• **TASK DESCRIPTION**
For the entries below, copy exactly the line that contains "上图是ROG幻15的拆机实拍" through the line that contains "(通讯员 罗欣欣 卿裕晞", both ends included, and exclude all pictures.

• **GIVEN ENTRIES**

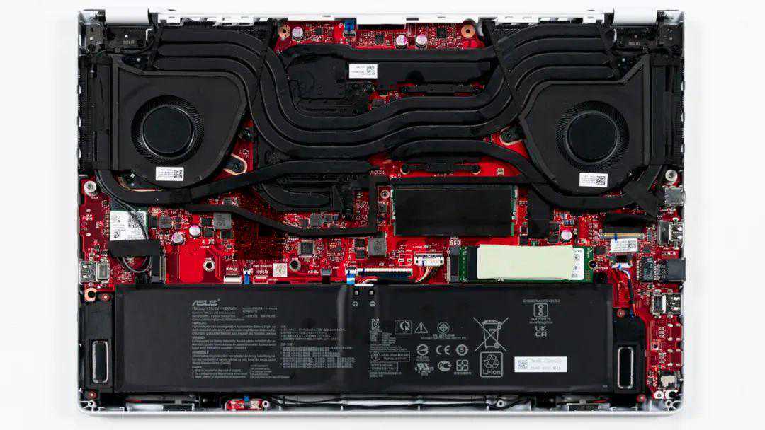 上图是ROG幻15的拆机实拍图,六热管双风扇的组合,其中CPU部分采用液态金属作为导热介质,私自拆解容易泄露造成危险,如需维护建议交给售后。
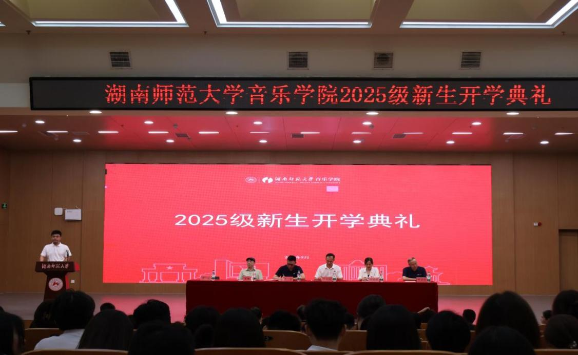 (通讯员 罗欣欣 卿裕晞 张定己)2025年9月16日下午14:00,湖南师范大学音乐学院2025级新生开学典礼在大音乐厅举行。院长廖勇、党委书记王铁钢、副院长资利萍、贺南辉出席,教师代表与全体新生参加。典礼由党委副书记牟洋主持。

...

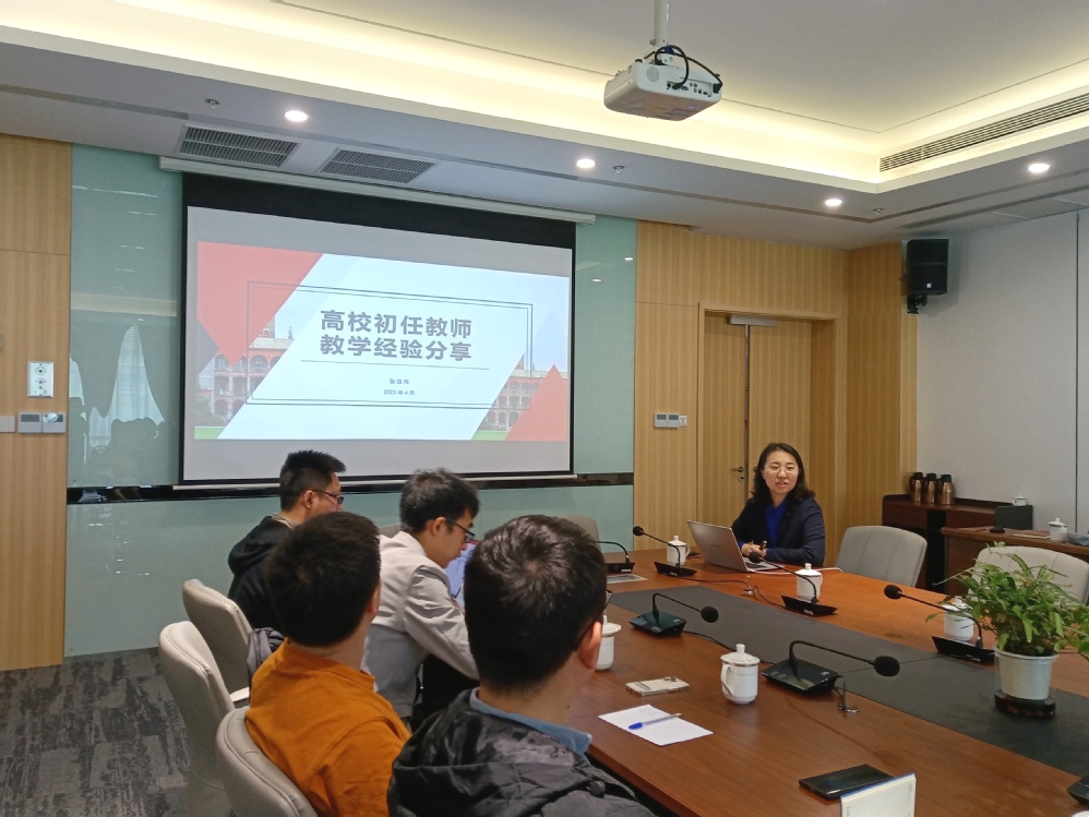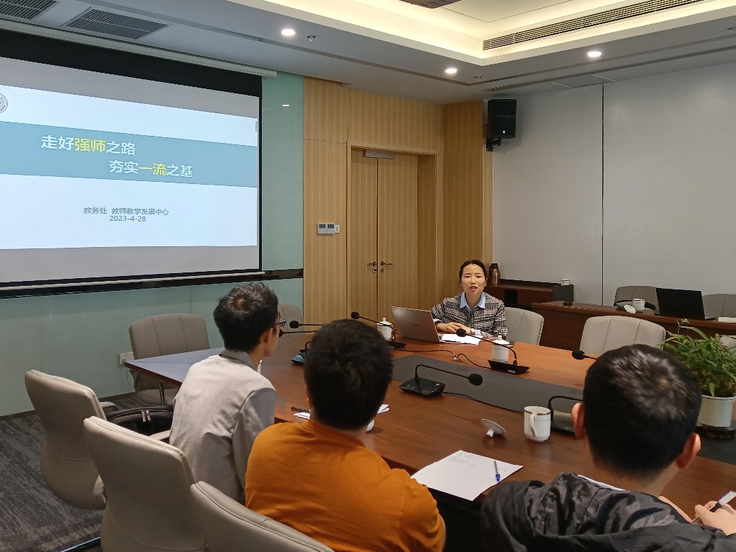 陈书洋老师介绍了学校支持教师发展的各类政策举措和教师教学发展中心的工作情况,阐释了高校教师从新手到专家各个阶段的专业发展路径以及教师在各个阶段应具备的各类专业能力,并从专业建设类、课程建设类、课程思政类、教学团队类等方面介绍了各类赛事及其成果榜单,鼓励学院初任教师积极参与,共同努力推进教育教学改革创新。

• **SOLUTION TO THE PROBLEM**
 上图是ROG幻15的拆机实拍图,六热管双风扇的组合,其中CPU部分采用液态金属作为导热介质,私自拆解容易泄露造成危险,如需维护建议交给售后。
 (通讯员 罗欣欣 卿裕晞 张定己)2025年9月16日下午14:00,湖南师范大学音乐学院2025级新生开学典礼在大音乐厅举行。院长廖勇、党委书记王铁钢、副院长资利萍、贺南辉出席,教师代表与全体新生参加。典礼由党委副书记牟洋主持。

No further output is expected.